Professional Skills Training Program

In its report on professional skills (Skill Savvy), Electricity Human Resources Canada (EHRC) established that students and new graduates from postsecondary education programs show non-technical skills gaps that need to be addressed either before or as they enter the workforce. The report revealed the diverse nature of skills gaps observed in students and new graduates from engineering and technician/technologist programs across Canada.

There are various ways to respond to these gaps. EHRC proposed, in a subsequent thought paper (Empowering the Next-Generation Workforce), that work-integrated learning (WIL) is the most appropriate and efficient means to help students and new graduates to close these gaps.

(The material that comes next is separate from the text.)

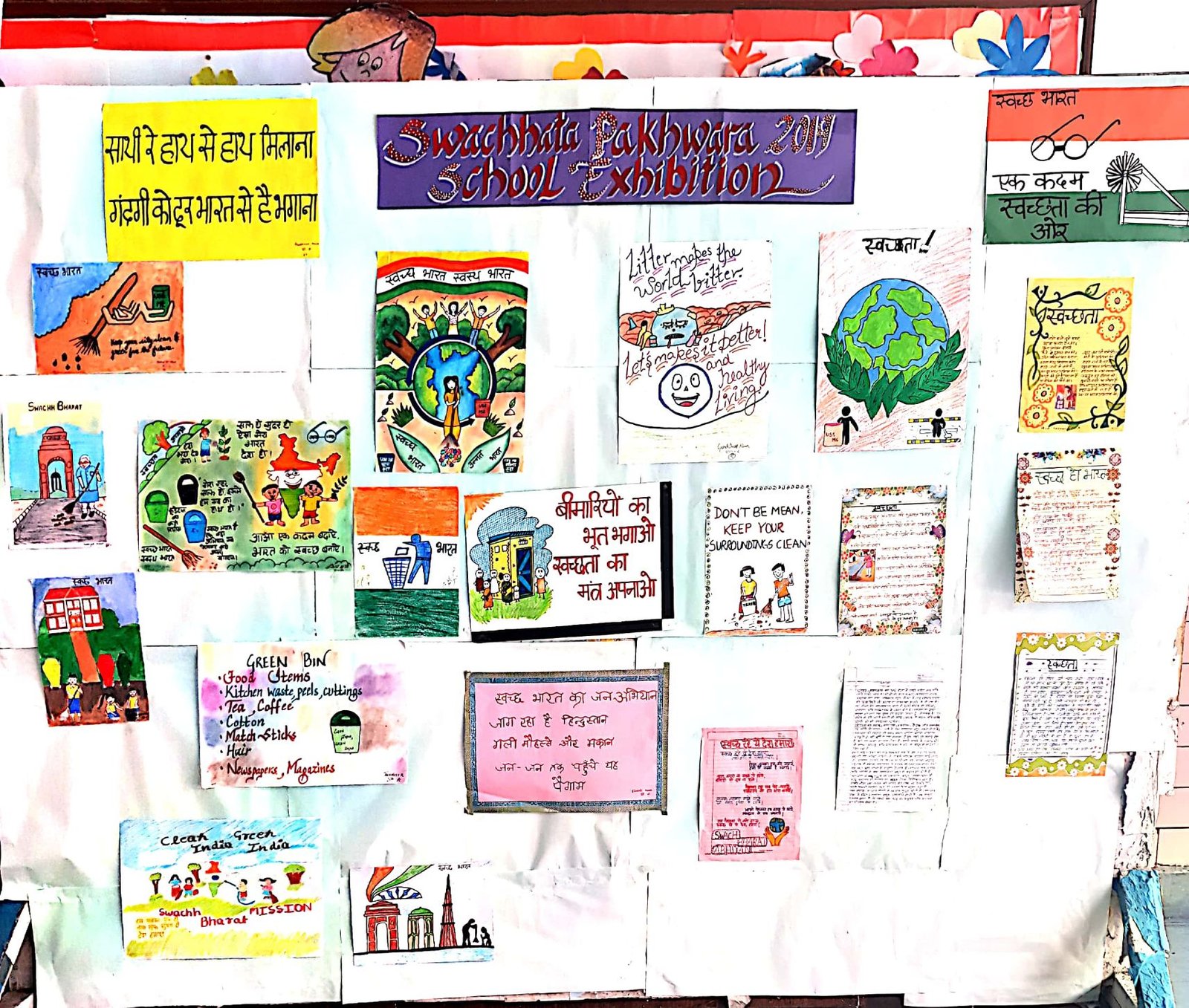 Swachhta School Exhibition and Action Day ( 11 Sept 2019) Students made useful items using waste material in their work experience activity and exhibition displaying photographs on swachata activities like painting, slogan writing, essay writing by the students

To equip students with tools to make the most of the opportunities work integrated learning offers, EHRC has developed the Professional Skills Training Program, aimed at preparing students and new grads with the skills they need to succeed in their careers.

The Professional Skills Training Program is made of complementary components which can also be used as stand-alone training pieces. Employers or educators can take learners through these components to increase their awareness and help them develop these skills.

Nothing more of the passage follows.